Excepting (not accepting)the AEIOU, OOX, GRR, and AMAJ, some of the fill wasn’t that bad. Even CONRADNAGEL (huh?) fell in pretty easily, having figured the gimmick.

KNOW is our public radio news station in the Twin Cities, but it is so NOT, NOT, NOT in Minneapolis! Their studios are about 5 blocks away from my workplace in downtown St. Paul and their tower (I can see it from my cube’s window) is in a suburb also on this side of the Mississippi River. We who live on this side of the river are quite sensitive about Mpls getting undeserved attention.We HATE it! Sometimes we feel like the REDHEAD step-child. So, WILL AND HIS STAFF ARE IN ERROR ON THIS ONE. Even @Barany should KNOW that.

So we have soccer player BRANDI on top of soccer player MIA; I like the visual. And both are on top of ANYA. I’d like to watch all of that action, by GOLLY.

I guess MIA Farrow, yeah baby, as a clue is too old-timey these days. JESSICALANGE, also yeah baby.

Maybe OFL NEEDs a DOSE of something OTC to QUELL the negativity vibe.
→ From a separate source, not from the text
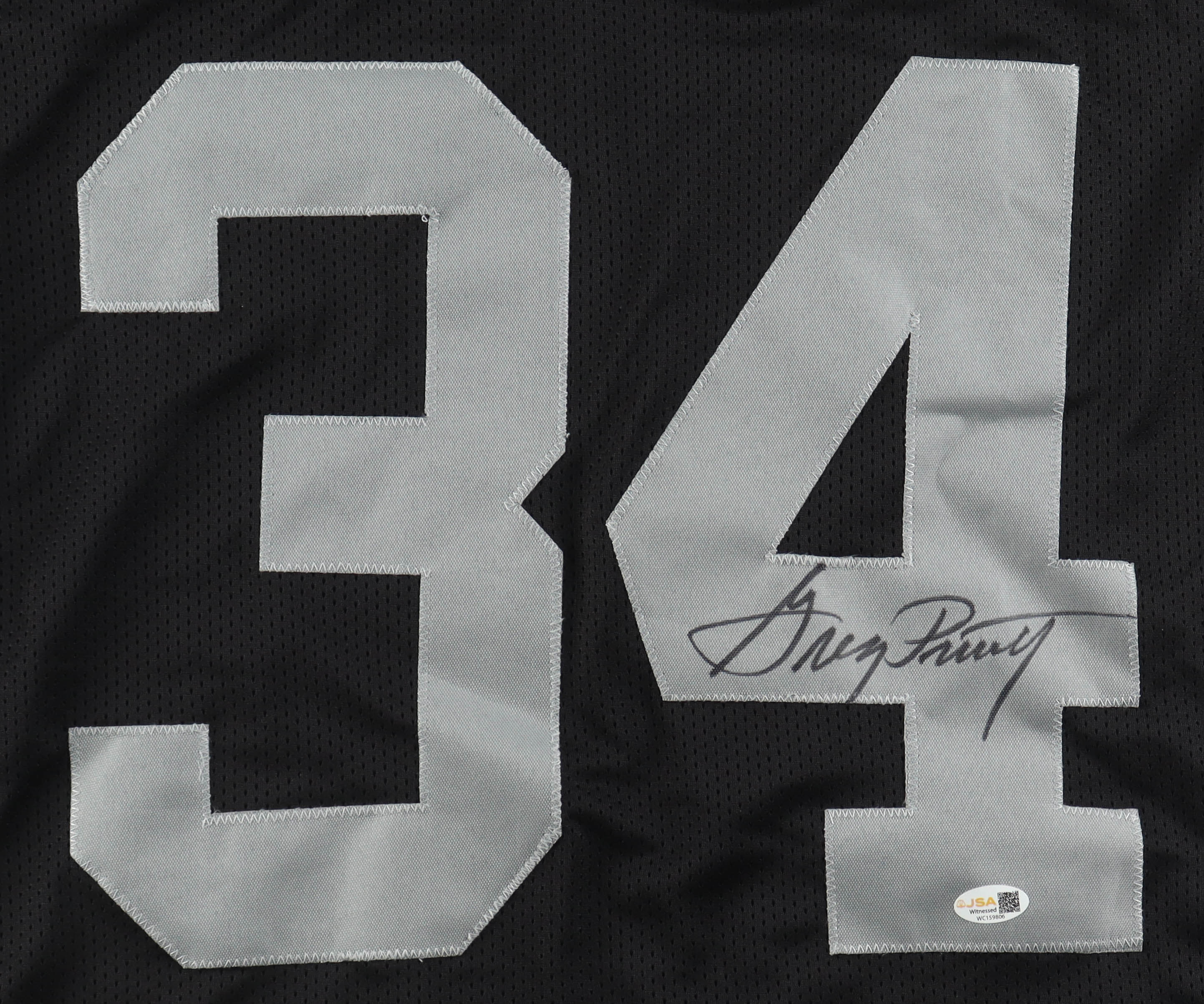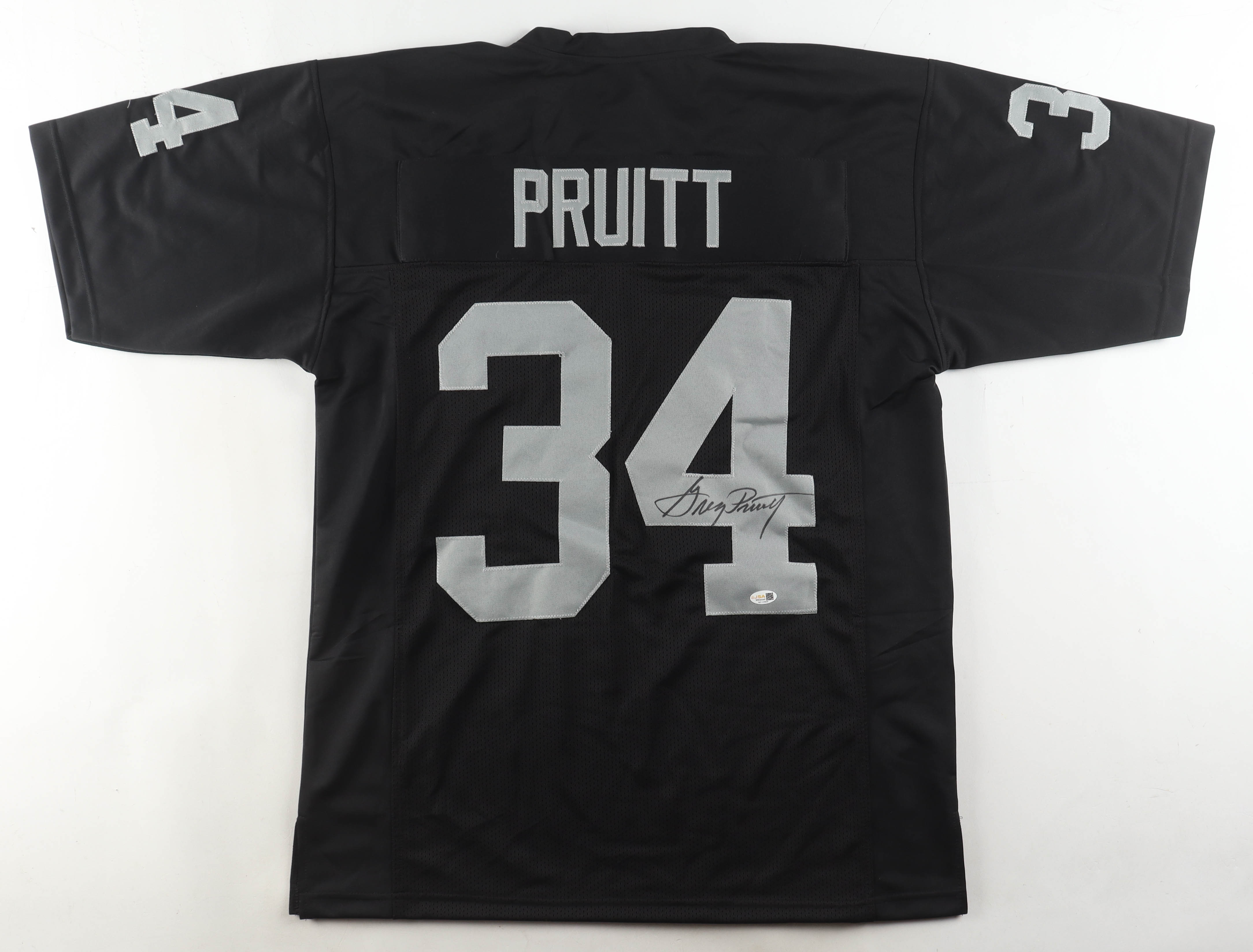 Custom jersey with everything sewn on, size XL. Hand-signed by Greg Pruitt.

Or TNT. But this puz could’ve used a little help. FALALA, UGG UGH.

DMG 1:33 PM  

Finished this one and, unable tsee any connection between a geometry term and an old time movie star, decided there was no theme!!! Got tangled up in the middle for a second as I thought the boots were spelled UGH, but SEGO saved the day. Otherwise, a good Tuesday solve.

rain forest 4:35 PM  

I enjoyed this, too, ie, I was an "enjoyer" @Spacey... Hey, I like your idea to publish puzzles from years ago. I know I wouldn't remember them, and it would give Shortz a lot of go-to material. I must look up CONRAD NAGEL because I "knew" his name, or maybe the theme made me think that.

@Burma - good one. Nice of you to have some self-restraint.

I'm really hoping for a Canada-USA final in the FIFA World Cup.

BS2 5:31 PM  

"I have my standards, even when I'm aroused" ,he said firmly.